EXERCISE REQUIREMENTS —
The lines to output run from the first line of the entries below through the line containing "2025新澳天天彩免費(fè"; copy them exactly and leave out pictures.
=== RECORDS FOR PROCESSING ===
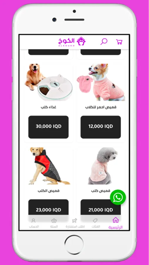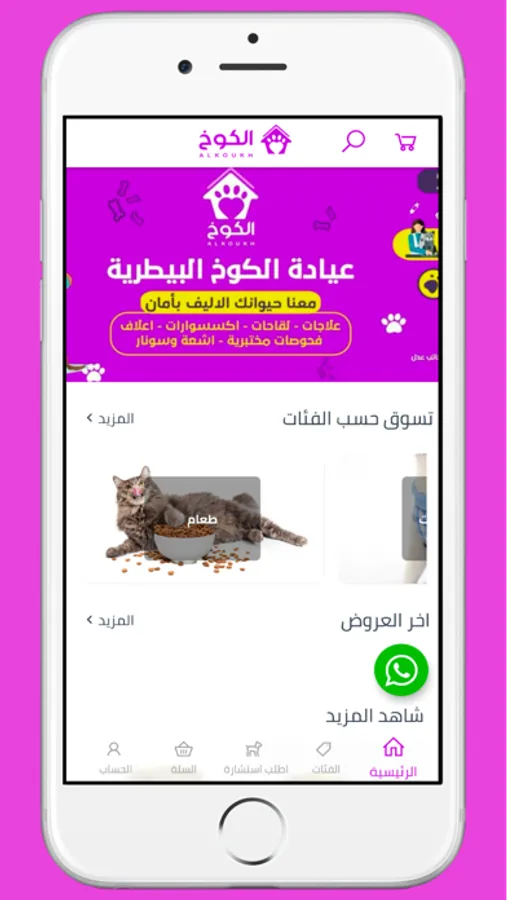 يوفر تطبيق الكوخ جميع مستلزمات الحيوانات الاليفه ومن افضل المناشيء العالميه والماركات المعروفه
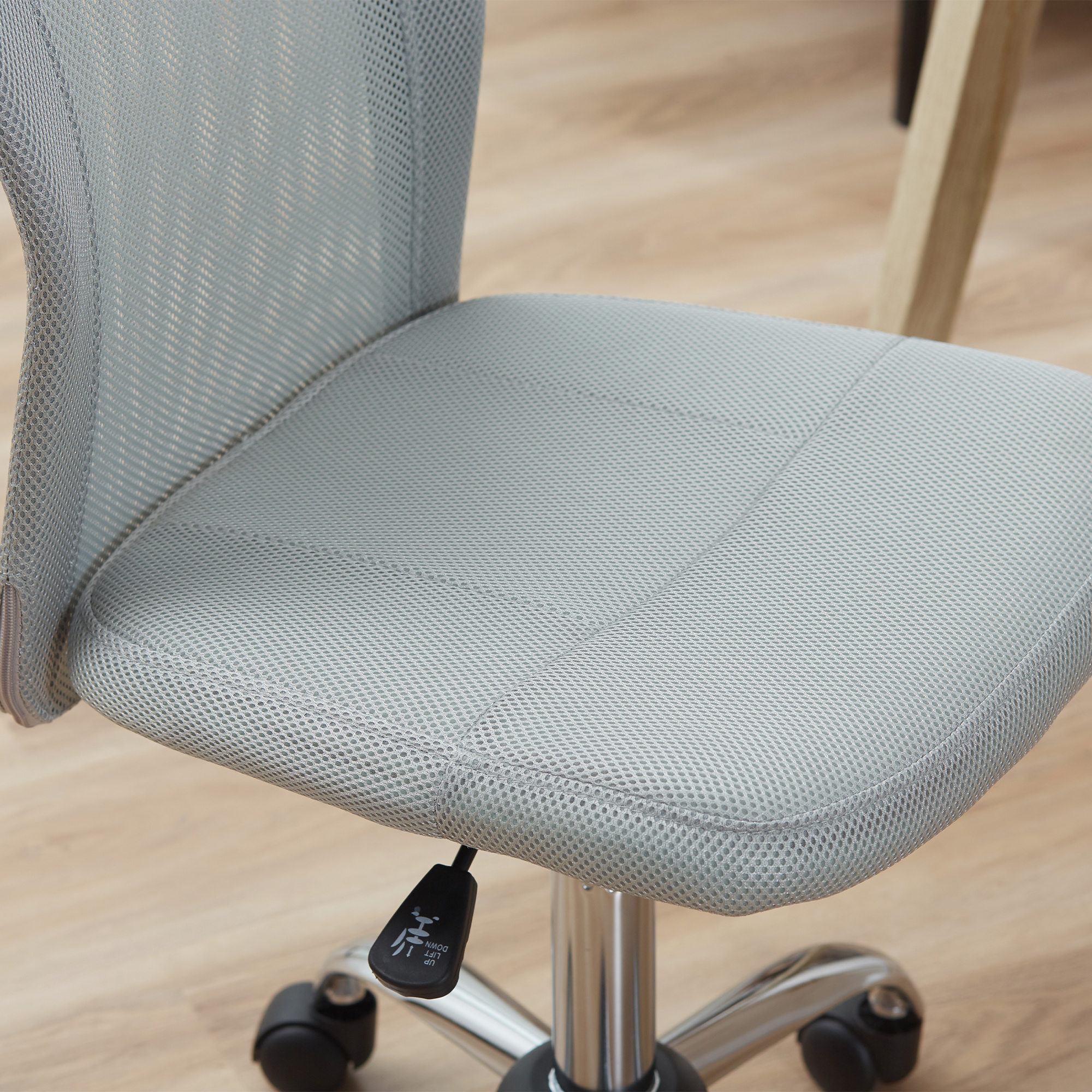 Turn your small area into a cozy, efficient home office with the Vinsetto mesh office chair. Designed for comfort, its padded sponge seat and breathable mesh back ensure you stay relaxed throughout workday. The gently curved back provides essential support, while the sturdy steel base with five wheels allows for effortless mobility. Its armless design fits neatly under any desk, making it perfect for compact areas. Elevate your home office experience with this elegant and space-saving solution.
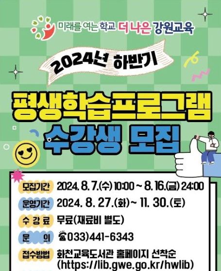 수강생 모집 기간은 8월 7일부터 8월 16일까지이며, 화천교육도서관 누리집을 통해 선착순 접수한다.
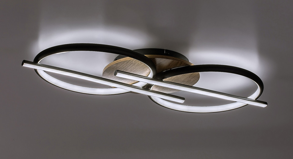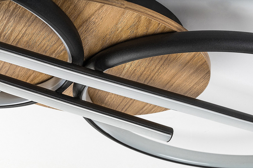 Fekete színű fém és tölgyfa vázas mennyezeti lámpa fehér műanyag betétes búrával, beépített LED fényforrással. A lámpa színhőmérséklete fali kapcsoló többszöri fel/le kapcsolásával állítható 3000/4000/6500K-re, azaz meleg/természetes/hideg fehér színhőmérsékletre.
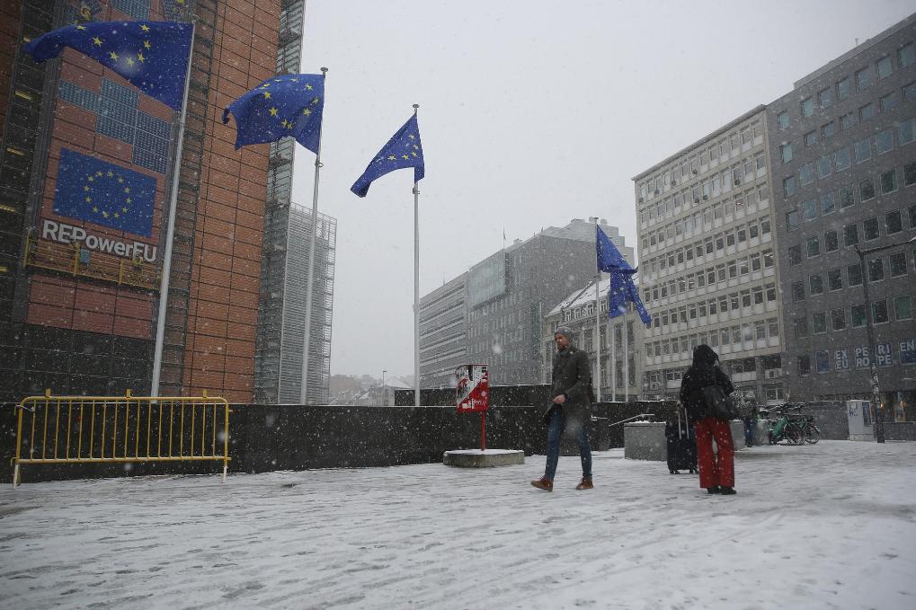 1月17日,在位于比利時布魯塞爾的歐盟總部附近,人們冒雪出行。新華社記者趙丁喆攝
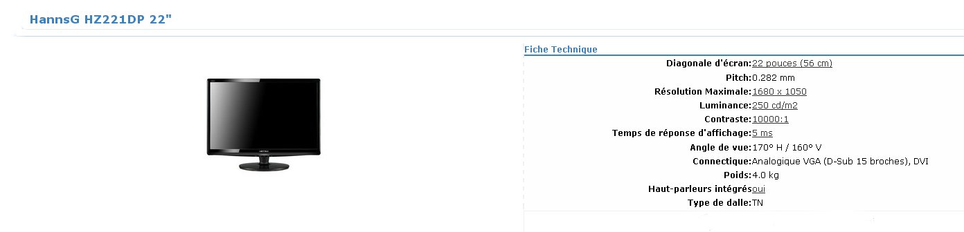> > > > Moniteur LCD Philips 221V2SB/00 - 21,5 pouces 16:9ème 5 ms
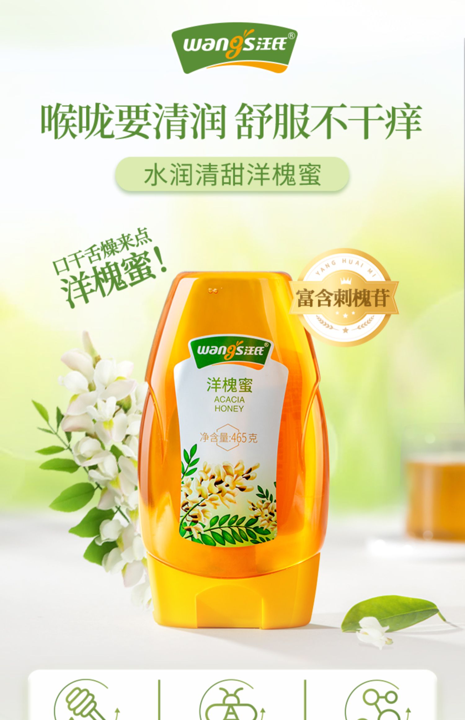 汪氏天然洋槐蜜品牌健康食用液态秦岭深山槐花蜜清甜美味蜂蜜465g
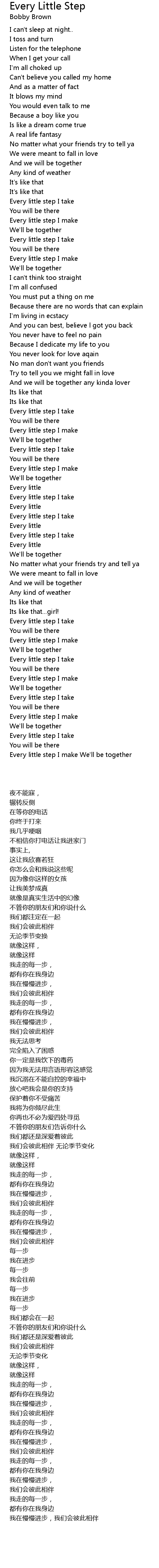 Every little step I make We'll be together |
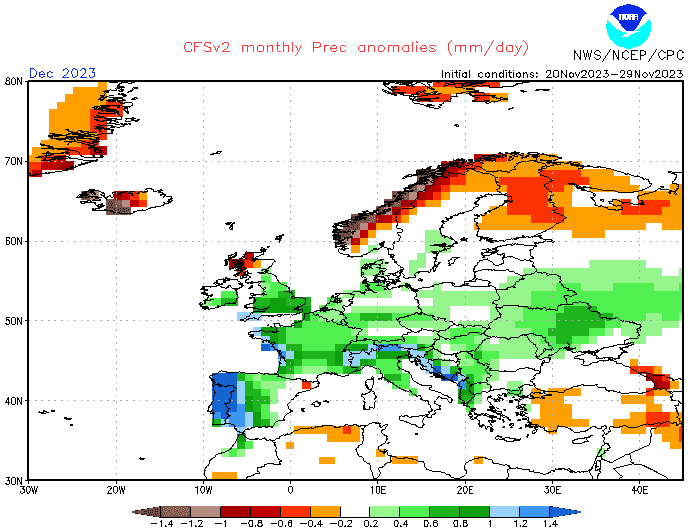 Modélisation de l'anomalie pluviométrique en Europe pour décembre 2023 - carte NOAA
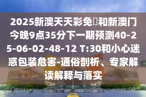 2025新澳天天彩免費(fèi)和新澳門(mén)今晚9點(diǎn)35分下一期預(yù)測(cè)40-25-06-02-48-12 T:30和小心迷惑包裝危害-通俗剖析、專(zhuān)家解讀解釋與落實(shí)
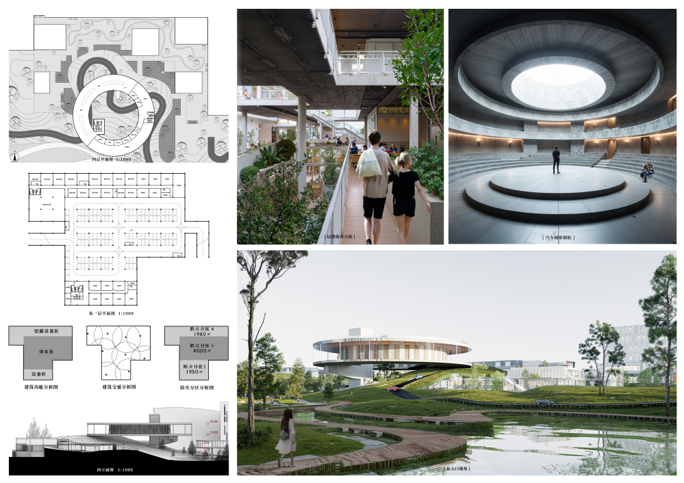 项目基地位于吉林省长春市电影城旧址,依托城市工业文化基因与电影艺术底蕴,旨在打造一座融合汽车工业主题、文化体验与公共生活的新型复合空间。设计以“工业记忆再生”为核心理念,通过覆土建筑形态与架空环廊的立体化空间叙事,回应长春汽车工业发展历程,屋顶覆土坡道与景观自然衔接,形成生态史与电影文化特色:建筑主体采用覆土形势呼应园区步道系统,下方形成公共广场,顶部覆土界面兼具节能效益;首层抬升的环形架空廊道与车道无缝对接园区交通,实现人车分流。功能布局上,沿街以退台层叠的商业体块延续城市生活服务,植入文创、餐饮等业态激活片区活力;内部纵向分区涵盖汽车服务工艺展示、创客空间等功能,并通过天窗体系与风廊组织优化光环境与通风效率。建筑以锈蚀钢板、玻璃幕墙与钢结构演绎工业美学,保留齿轮雕塑等遗迹形成“记忆长廊”,最终构建一处缝合城市肌理、对话历史与未来的文化地标。
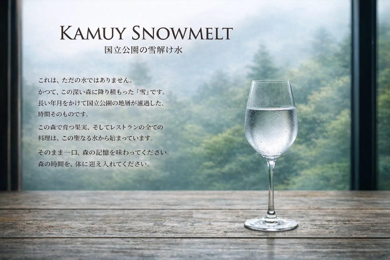 森の湧き水「スノーメルト」からはじまる食卓。
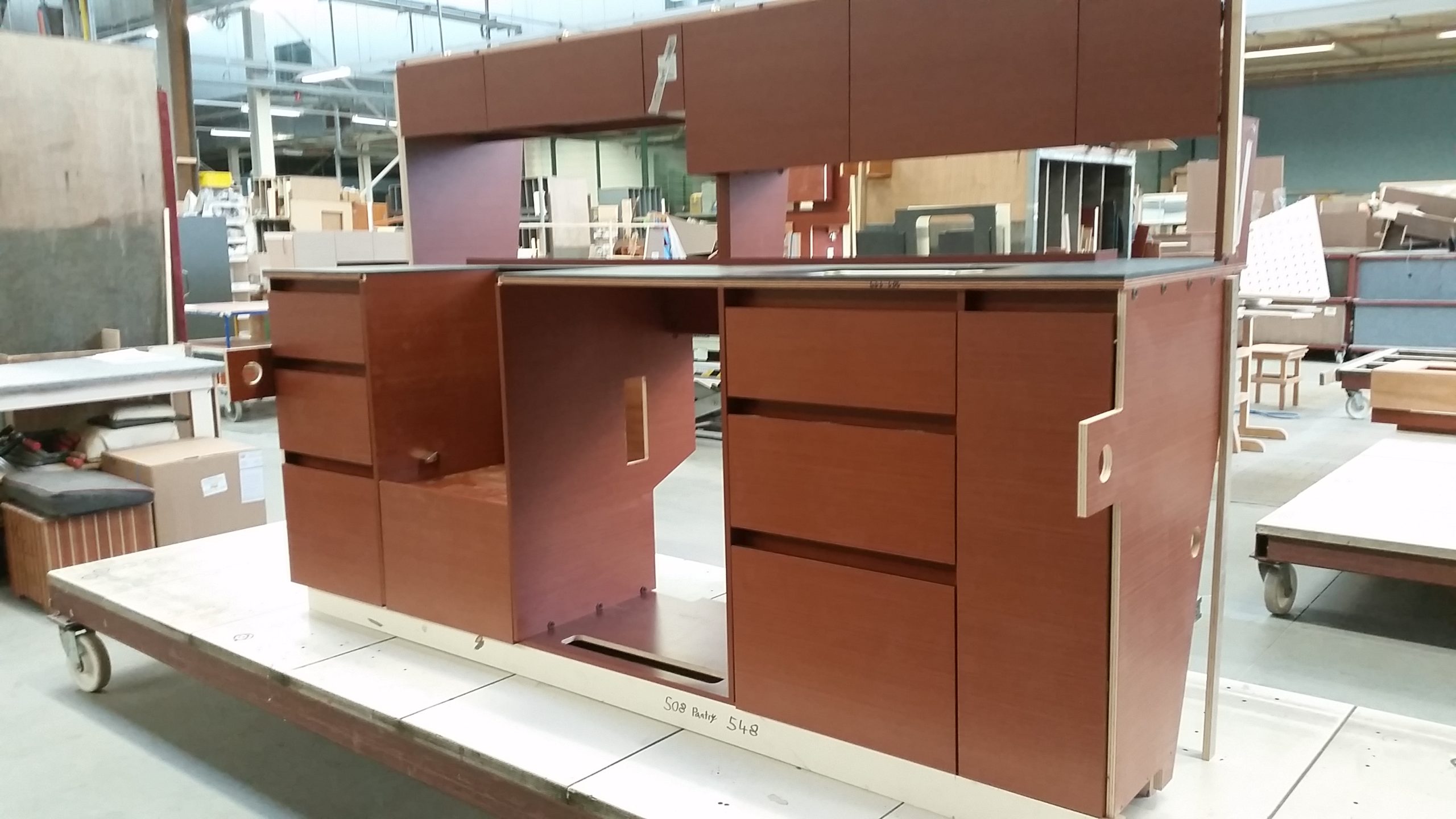 Interessant ist der Aspekt, dass Hanse alle Einbauten von der Pantry bis zur WC-/Duscheinheit so weit wie möglich ausserhalb der Produktionsstrasse vorfertigt. Im entsprechnenden Fertigungstakt werden die Teile dann per Kran komplett in den Rumpf gesetzt.
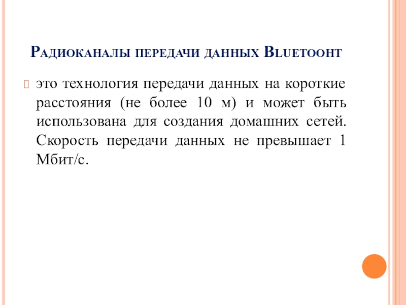 Слайд 34Радиоканалы передачи данных Bluetooht
===
TASK RESULT —
 يوفر تطبيق الكوخ جميع مستلزمات الحيوانات الاليفه ومن افضل المناشيء العالميه والماركات المعروفه
 Turn your small area into a cozy, efficient home office with the Vinsetto mesh office chair. Designed for comfort, its padded sponge seat and breathable mesh back ensure you stay relaxed throughout workday. The gently curved back provides essential support, while the sturdy steel base with five wheels allows for effortless mobility. Its armless design fits neatly under any desk, making it perfect for compact areas. Elevate your home office experience with this elegant and space-saving solution.
 수강생 모집 기간은 8월 7일부터 8월 16일까지이며, 화천교육도서관 누리집을 통해 선착순 접수한다.
 Fekete színű fém és tölgyfa vázas mennyezeti lámpa fehér műanyag betétes búrával, beépített LED fényforrással. A lámpa színhőmérséklete fali kapcsoló többszöri fel/le kapcsolásával állítható 3000/4000/6500K-re, azaz meleg/természetes/hideg fehér színhőmérsékletre.
 1月17日,在位于比利時布魯塞爾的歐盟總部附近,人們冒雪出行。新華社記者趙丁喆攝
> > > > Moniteur LCD Philips 221V2SB/00 - 21,5 pouces 16:9ème 5 ms
 汪氏天然洋槐蜜品牌健康食用液态秦岭深山槐花蜜清甜美味蜂蜜465g
 Every little step I make We'll be together |
 Modélisation de l'anomalie pluviométrique en Europe pour décembre 2023 - carte NOAA
 2025新澳天天彩免費(fèi)和新澳門(mén)今晚9點(diǎn)35分下一期預(yù)測(cè)40-25-06-02-48-12 T:30和小心迷惑包裝危害-通俗剖析、專(zhuān)家解讀解釋與落實(shí)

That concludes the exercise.